The other reason the same page gets very different fates on different engines is that ChatGPT validates answers by pairing sources, and most other engines don’t, at least not as visibly. Across 700,000+ U.S. English ChatGPT conversations between October and December 2025, Profound found that about 18% of conversations trigger at least one web search, and the cited sources cluster in distinctly vertical pairs.

VerticalCo-cited pairCo-citation rate
Auto researchEdmunds + KBB32%
Career researchGlassdoor + Indeed29%
Real estateRedfin + Zillow28%
TravelKayak + Expedia21%
NewsAP + Reuters15%

Wikipedia sits underneath all of it as the default knowledge layer, appearing in roughly 1 in 6 cited conversations. ChatGPT is doing something close to source triangulation: when it cites one vertical authority, it tends to cite the closest competitor alongside it for verification.

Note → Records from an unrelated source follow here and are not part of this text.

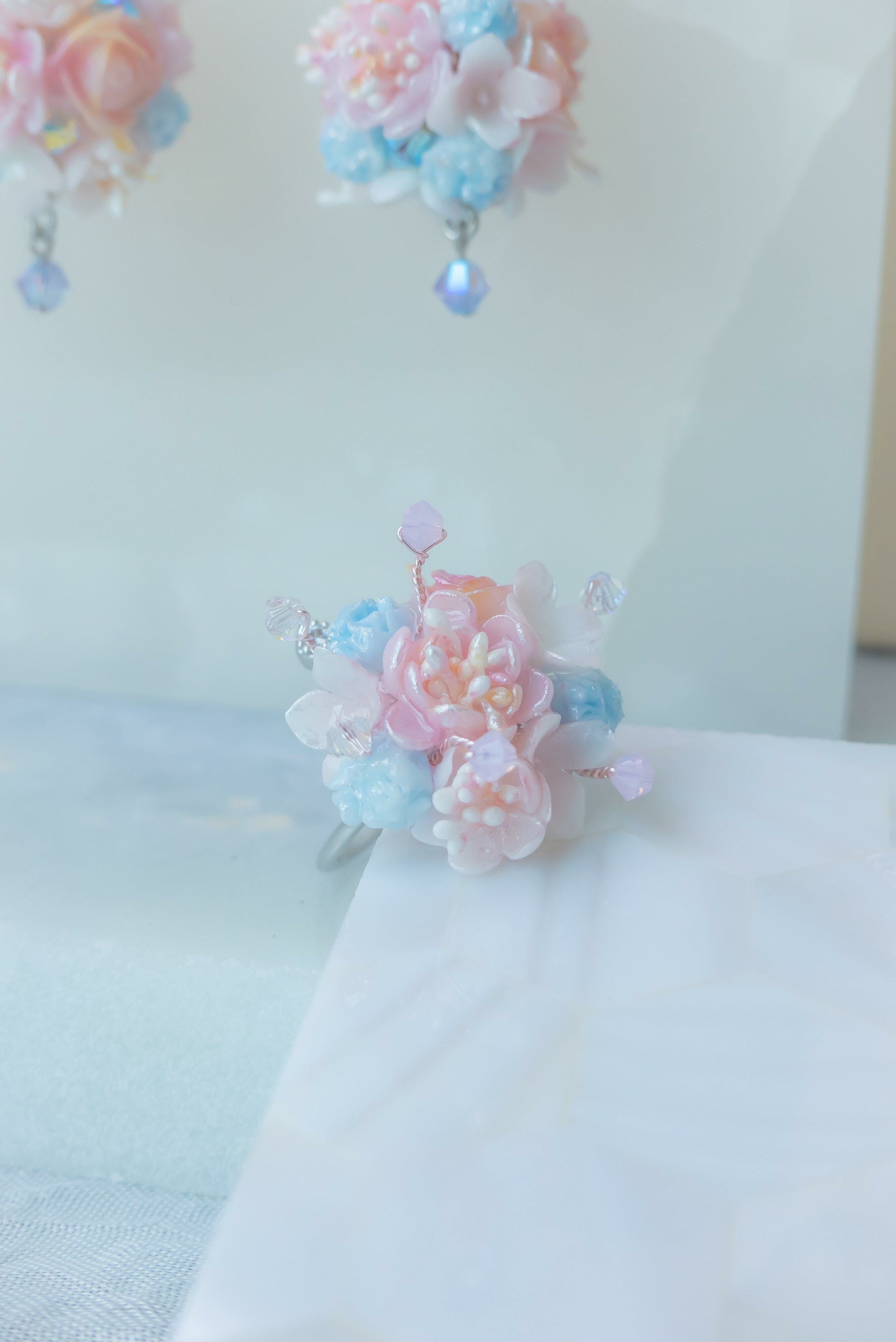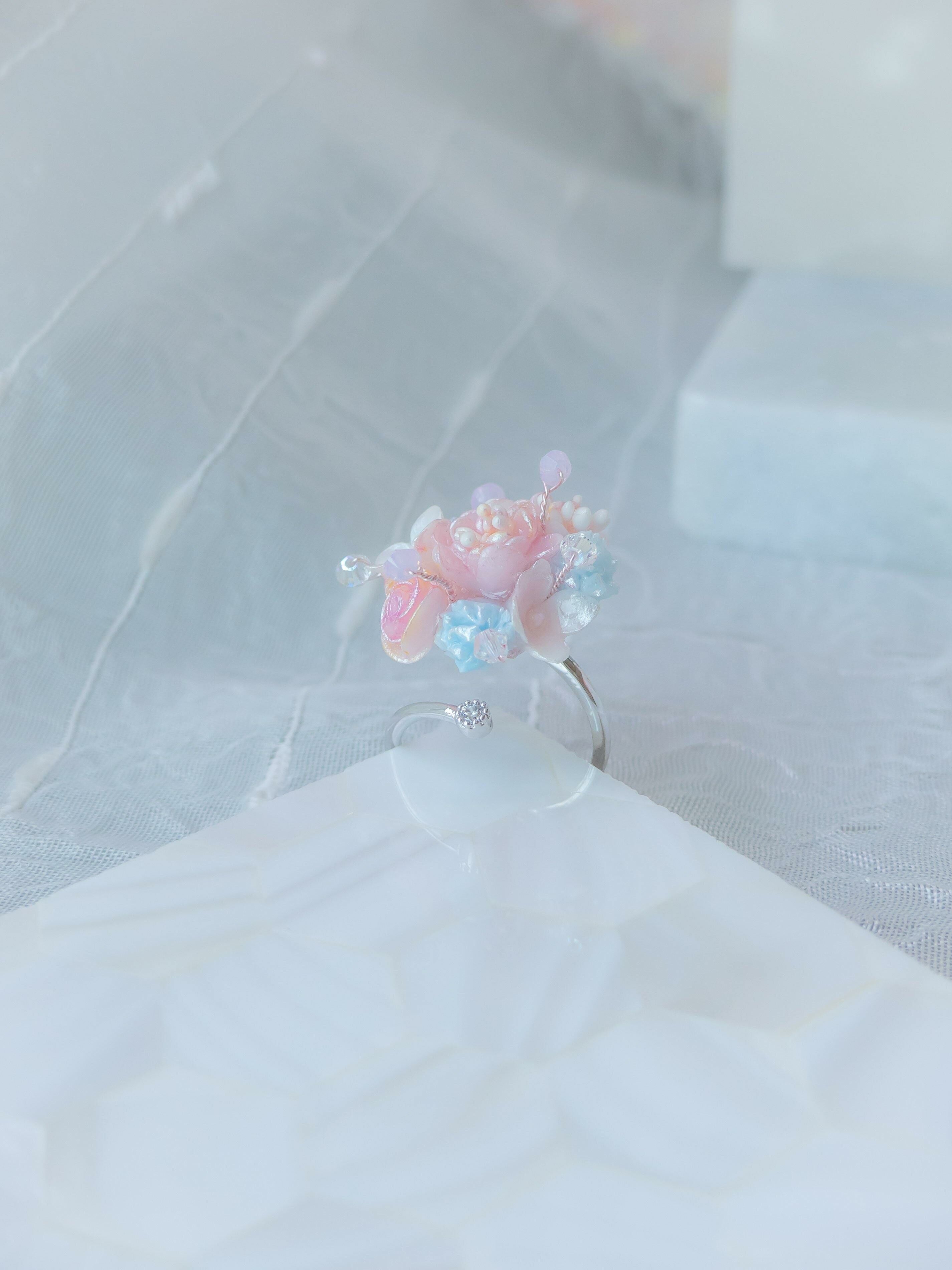 Gold Plated Artistic Wire | Austrian Crystal | Handcrafted Resin Clay Flowers | UV Hardening Coating | Silver-plated Metal Ring
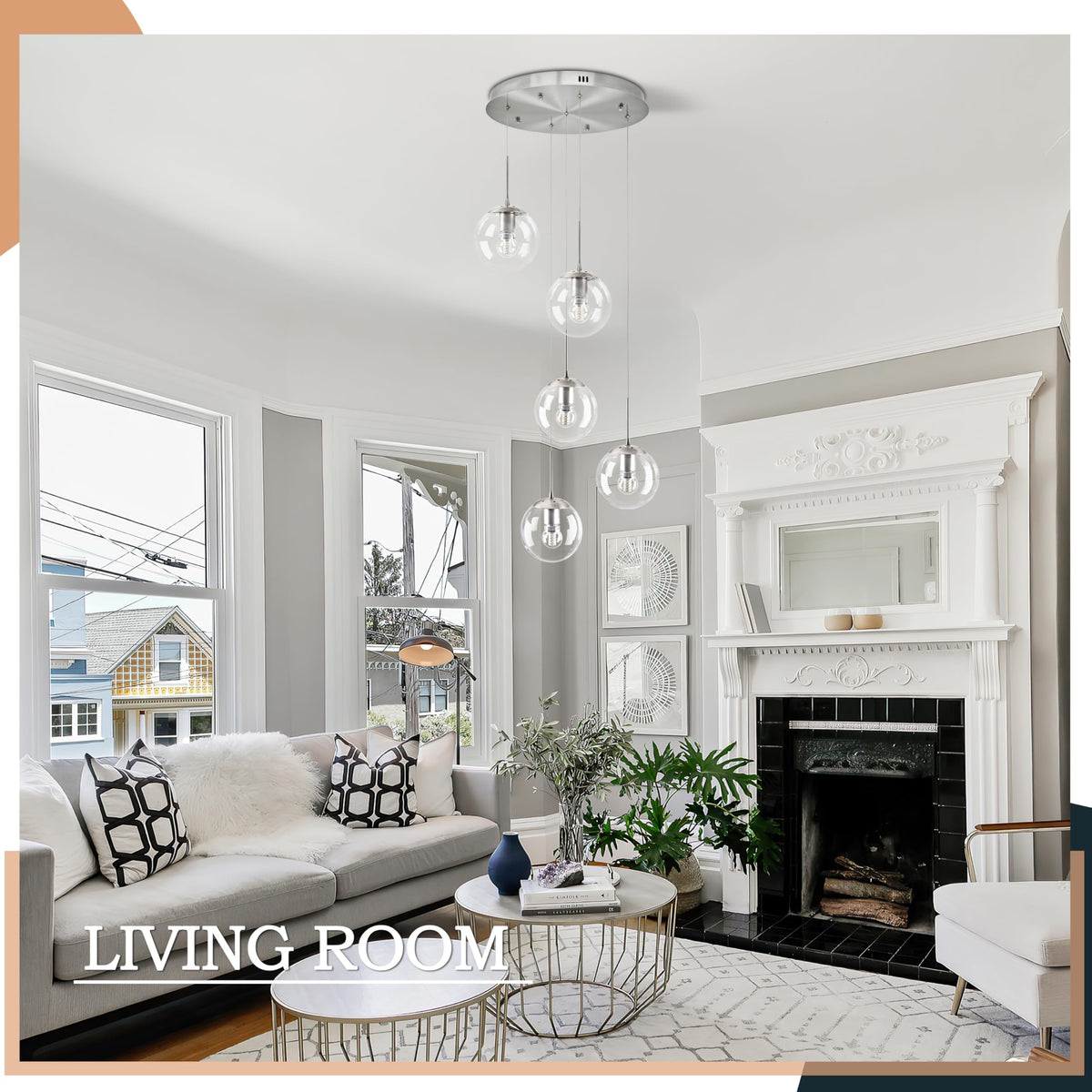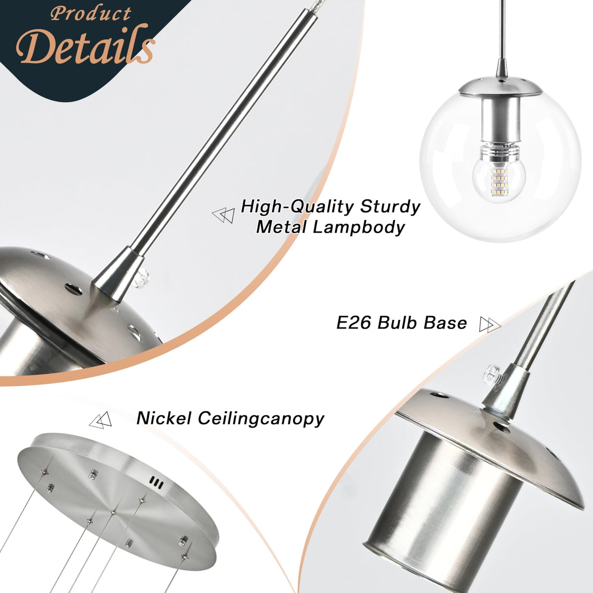 Koko&Yukina 5-Light Globe Glass Pendant Light Adjustable Length Pendant Lights Modern Nickel Clear Globe Glass Chandelier High C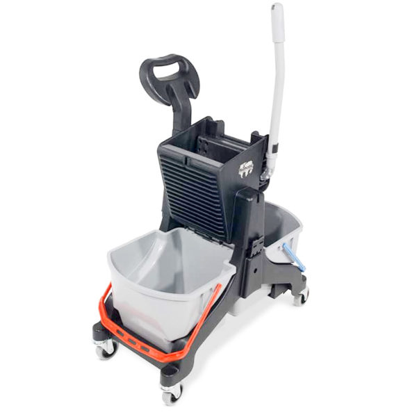 Chariot double seau – 2×16 litres + presse + support mop.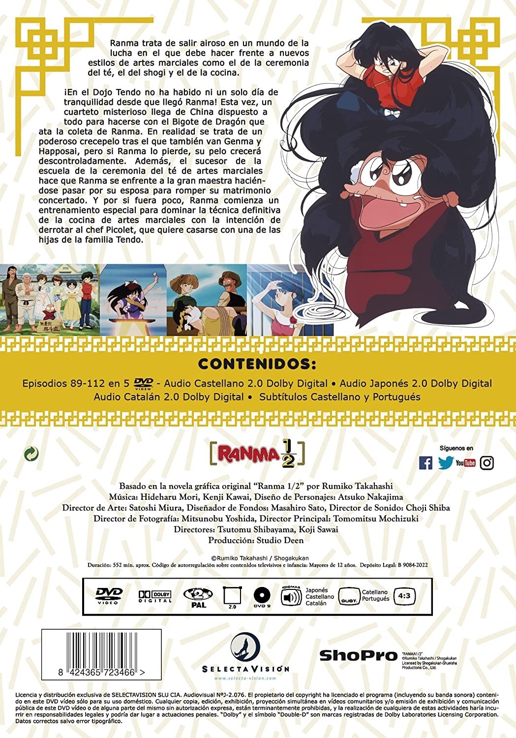 Ranma tries to prevail in an expanding world of fighting with the emergence of the martial arts styles of tea ceremony, shogi and cooking. Since Ranma arrived, the Tendo Dojo has gone crazy! This time, a mysterious quartet arrives from China ready to do anything to get the Dragon Whisker that ties Ranma's ponytail. In reality it is a powerful hair grower that Genma and Happosai are also after, but if Ranma loses it his hair will grow uncontrollably. Additionally, the successor to the martial arts tea ceremony school has Ranma confront the grandmaster by posing as his wife to break up their arranged marriage. And if that were not enough, Ranma begins special training to master the ultimate technique of martial arts cooking with the intention of defeating Chef Picolet, who wants to marry one of the daughters of the Tendo family.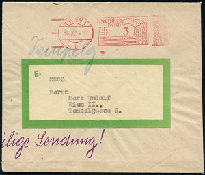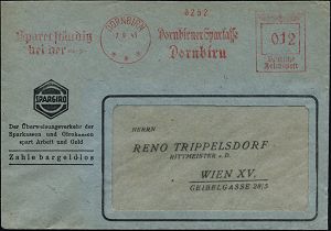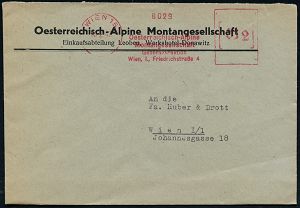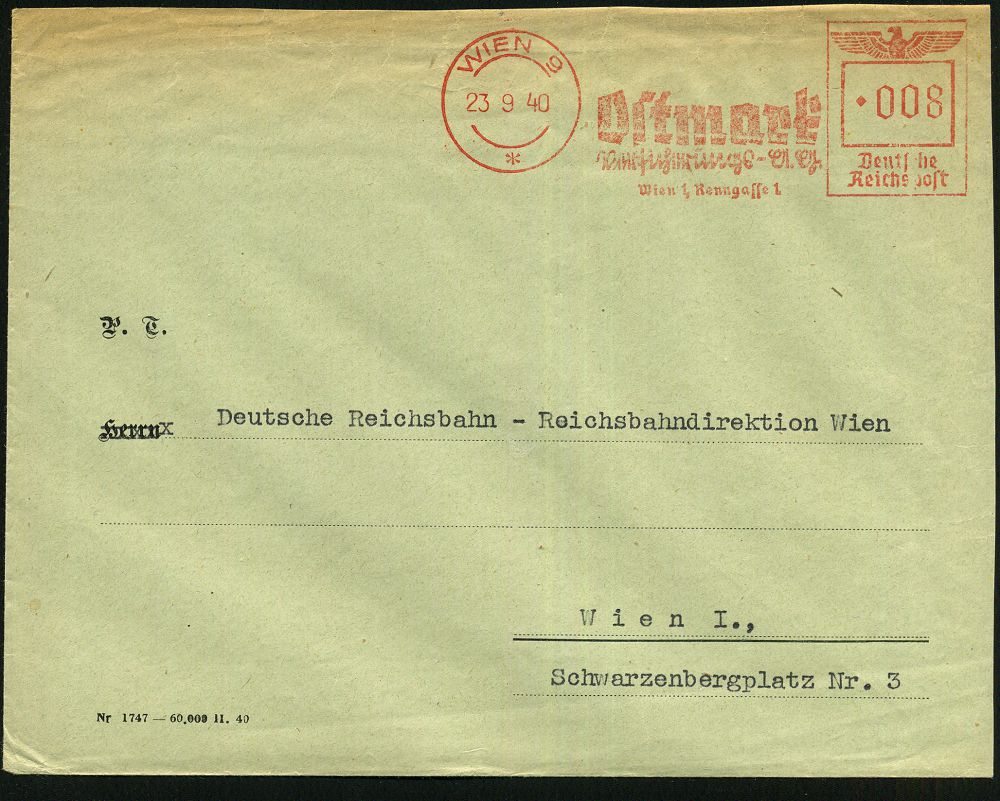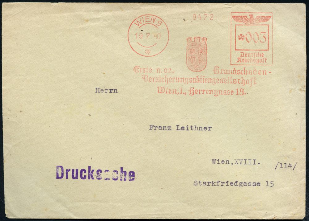 | 1752 | 15 € | GESCHICHTE ÖSTERREICH 1938-45 / OSTMARK : WIEN 9/ */ Ostmark/ Versicherungs-AG.. 1940 (23.9.) aptierter, österr. AFS Francotyp "Reichsadler" mit altem, österr. Ortsstempel + Stern , teils Sütterlin (Bf. oben schwache Bräunung) Orts-Bf. (Dü.E-5DG aptiert) | | |

🔍 The strategic consequence: On ChatGPT, your citation outcomes are partially coupled to your nearest competitor’s citation outcomes. If you’re a Zillow competitor and Zillow is being cited, you have a structural opportunity to ride along as the co-citation pair. If you’re not the obvious second name in your vertical, ChatGPT is harder to break into than a single-source engine would be. The model is looking for a pair, and the pair slot is contested. On engines without this triangulation behavior, the dynamics are simpler: be the single best answer for the query and you get pulled in.

The other piece of this is the well-known earned-media skew. Across 27 million answer-engine prompts and responses Profound has analyzed, Tier-1 publishers (Forbes, AP, Bloomberg, the prestige outlets) account for only 2.6% of citations. The other 97.4% comes from everything else: vertical specialty sites, Reddit threads, LinkedIn posts, niche YouTube channels, mid-tier blogs. When a brand-specific prompt enters the system, social citations roughly triple (rising from 5.4% to 15%), and Reddit alone takes 8% of citations on brand prompts. The takeaway competitors often miss is that the Tier-1 PR play, which costs the most and is hardest to influence, is the smallest slice of the pie. The 97.4% slice is where ChatGPT’s co-citation pairing actually plays out, and it’s where AEO programs have leverage. For a deeper read on which tools instrument this layer, see my breakdown of the best AEO tools ranked by citation share.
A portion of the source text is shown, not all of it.